Acceptance
Acceptance is such a simple word-but is something many people find difficult to put into practice. It is especially useful to be more aware of this as the holiday season engulfs us, because we often find ourselves thrown in with people from our past, and that can get dicey.
A few years back I heard of this rule that somebody was living by, and I was very intrigued. This person made it a practice to never talk about something that happened more than two weeks ago- that was the limit. The goal was to steer each conversation into the present , and the immediate future, as much as possible. I have tried to do the same thing since I heard about this. I have succeeded for the most part, but there are times when somebody else insists on talking about something that occurred years ago. When that happens, I try to bring things back to the present by saying “that happened too long ago,” or, “I can’t see where that is relevant to this situation,” or if that doesn’t work, I might say, “I am really not comfortable talking about this.”
If I am insistent and graceful enough, I can usually steer things back to the present by one of the above methods, but not always. And the more I practice doing this the better I get. I like to think that by making more of an effort to be in the present. I am more accepting of whatever occurred in the past. After all, I am reminded that whatever occurred in the past, I am powerless to change it. The only real choice, other than constant churning, is acceptance.

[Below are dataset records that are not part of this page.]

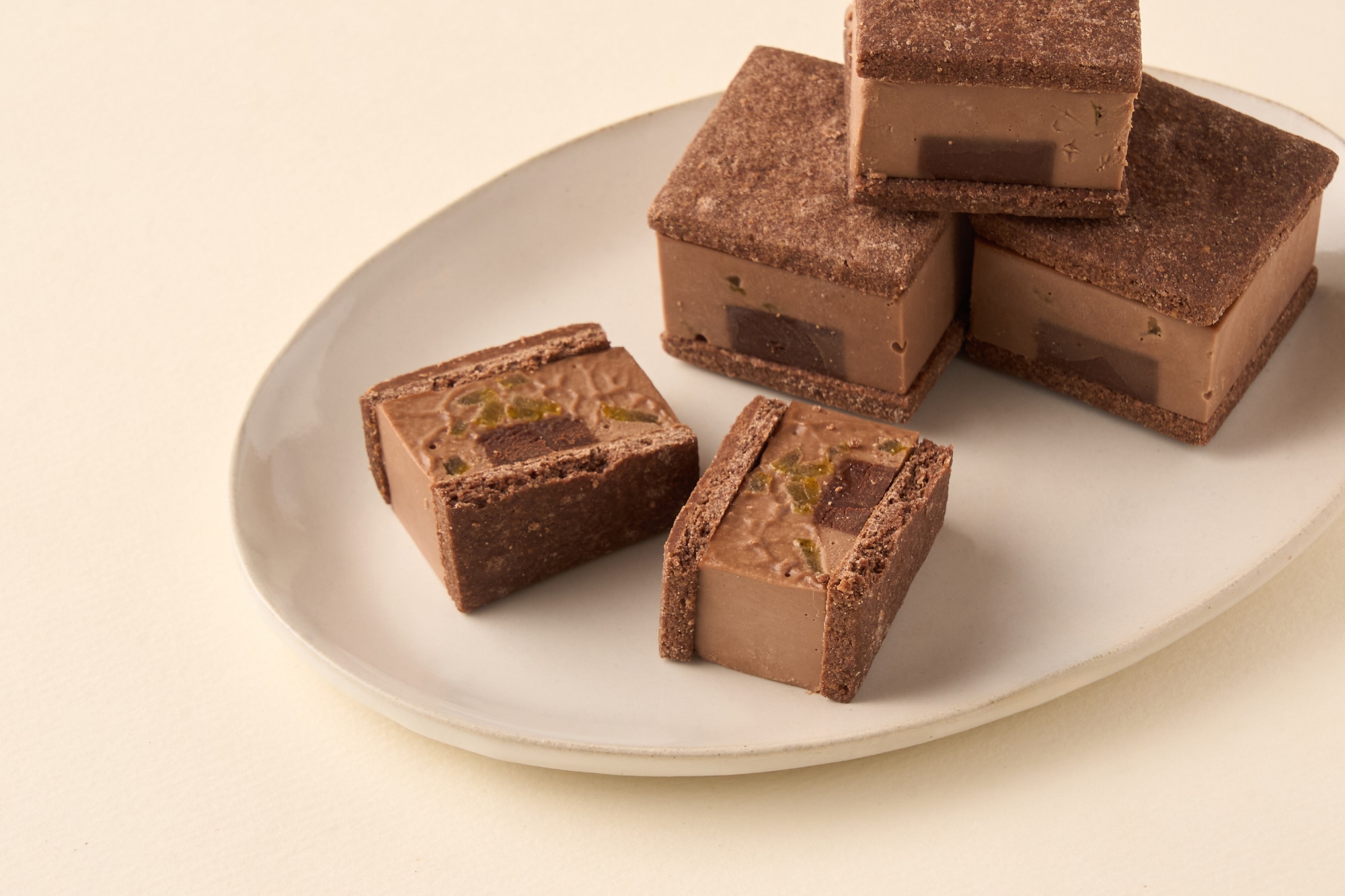 豊潤なヴィーガンバタークリームと滑らかで濃厚な生チョコレートに、薫り高い柚子がアクセント。チョコレートと柚子の絶妙なハーモニーをお楽しみください。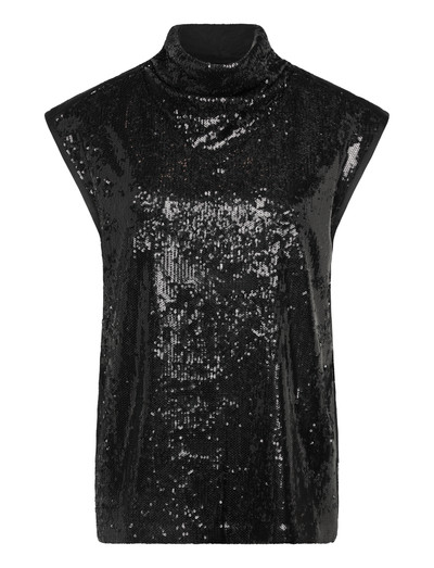 Schimmernde Pailletten machen dieses ärmellose Top zu einer herausragenden Wahl für Abendveranstaltungen. Der hohe Halsausschnitt verleiht diesem auffälligen Teil einen Hauch von Eleganz.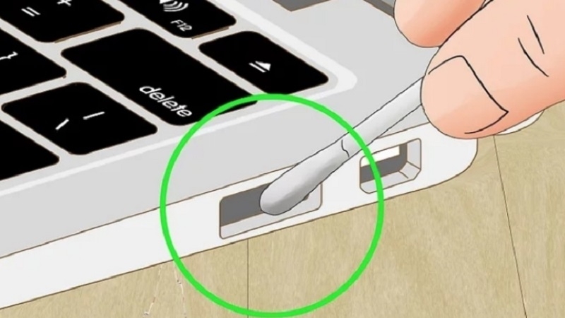 - Lau nhẹ bên trong cổng bằng tăm bông nhúng cồn, tránh dùng lực mạnh.
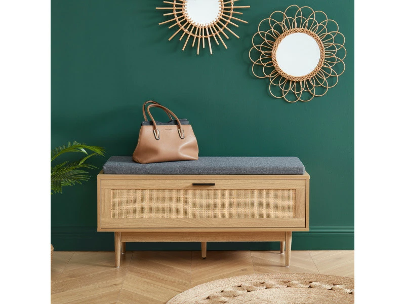 On aime : ses finitions raffinées et son habillage en cannage naturel.

My increasing acceptance of the past has not only rooted me more in the present, but has given me more faith in the future too. Since I am less prone to invest anything that occurs with too much energy, I find increasing clarity about the future. As a result, my immediate choices seem more effortless, and things often have a synchronicity about them that is uncanny. I have also observed that if things don’t go “my way,” whatever that really is, it is no big deal: I can let it go much quicker than before, and other, even more appealing options, rapidly appear .
I can honestly not say enough good things about accepting what is immediately available to me in my life. What has been your experience with this?